💬 RevOps Discussions

JessBrown
Member

Does anyone have helpful tips on recruiting for a HubSpot RevOps role?

SOLVE

Hi All, 

 

My name is Jess Brown and I am the Head of Demand Gen for OpenEnvoy, a small and thriving Fintech company that is venture backed, looking to hire a HubSpot RevOps manager as soon as possible. This position is a tough one to recruit for as we are looking for someone to own both Marketing and Sales Ops in HubSpot. I thought I would reach out to see if anyone has any helpful tips for finding great candidates for this role? 

 

Here is the link to the job description for reference: https://www.linkedin.com/jobs/view/2616476286/

 

Any advice would be much appreciated and please let me know how I can help as well, thank you!

 

Best,

Jess Brown

jessica@openenvoy.com

1 Accepted solution
Drew_Cohen
Solution
Top Contributor

Does anyone have helpful tips on recruiting for a HubSpot RevOps role?

SOLVE

Hey Jess, I will echo what @jbogaert said below about ensuring the job description speaks to the team(s) that the RevOps role will be collaborating with. From the folks that I've worked with over the last few years who have worked in and/or wanted to work in RevOps-related roles, one of their main drivers was the fact that they loved the idea of a role where they would not be siloed. Many RevOps professionals are people who have worked in sales, marketing, and/or customer service roles and have incredibly unique experience, but never saw themselves 100% aligned with one particular department.
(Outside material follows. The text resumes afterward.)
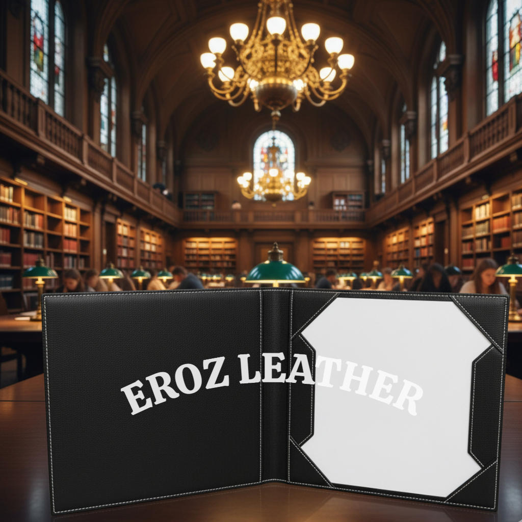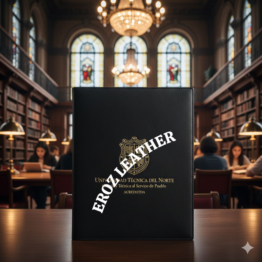 Elegante porta títulos diseñado para celebrar y resguardar dos logros académicos simultáneamente. Su formato amplio y su construcción de alta calidad lo hacen ideal para ceremonias de graduación y premiaciones institucionales.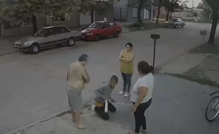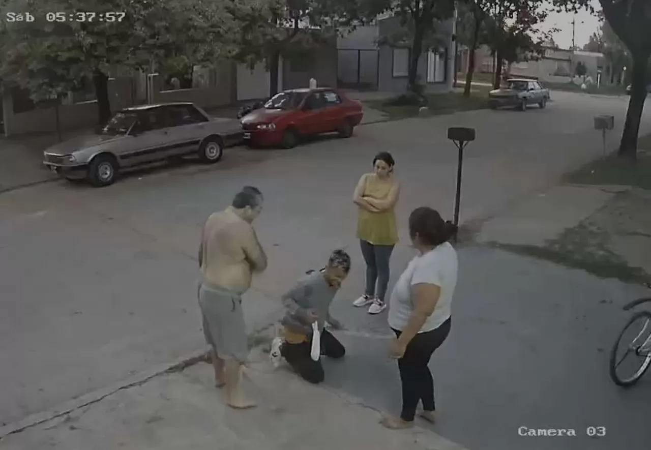En las imágenes que después se difundieron por las redes sociales se observa cómo el vecino empuja al delincuente hasta una cámara de vigilancia para que su cara se pueda ver con claridad y lo obliga a golpes a arrodillarse en el suelo y pedir disculpas por lo que acababa de hacer.

These individuals like to think more holistically, and may also have experience working in more than one of those previously mentioned departments. Because of that, ensuring the job description speaks to the value that this role will drive across multiple teams, and the impact it is expected to have on the entire business can be a huge selling point.

 

Additionally, speaking to specific elements of the technology stack that are alongside HubSpot will also help ensure you're getting the best possible pool of candidates. It's likely that RevOps pros will be coming into the role with experience with a variety of other tools -- many that will easily integrate with HubSpot. Speaking to other elements that they are familiar with and/or have experience with will also make a potential role that much more attractive.

 

Hope this helps!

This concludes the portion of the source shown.